All lines from the one that contains "Paved, awaiting roller" through the close of the entries below are to be repeated exactly, without any pictures.

^^^^^^^^^^^^^^^^

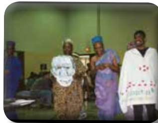
Black History month play
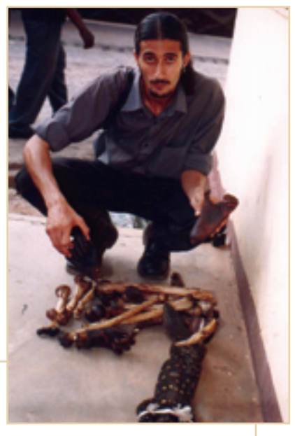
The author shows severed Chimpanzee hands, confiscated from bushmeat dealers.

The organization is effective because we undertake investigations,
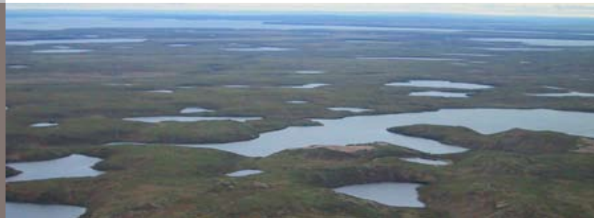
Photo above: Elder consultations for environmental studies near Parsons Lake.

Through this combination of science, traditional knowledge and consultation, ConocoPhillips Canada is working to minimize the impact on the environment while respecting traditional land use.
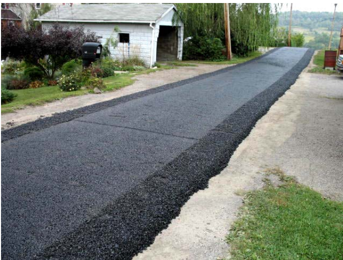
Paved, awaiting roller
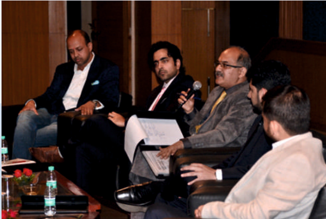
Eminent speakers in CEO Meet shared insights on challenges and issues in managing businesses risks, fostering change, making decision, planning forward and solving problems.

^^^^^^^^^^^^^^^^

[SOLUTION FOR THIS EXERCISE]
Paved, awaiting roller
Eminent speakers in CEO Meet shared insights on challenges and issues in managing businesses risks, fostering change, making decision, planning forward and solving problems.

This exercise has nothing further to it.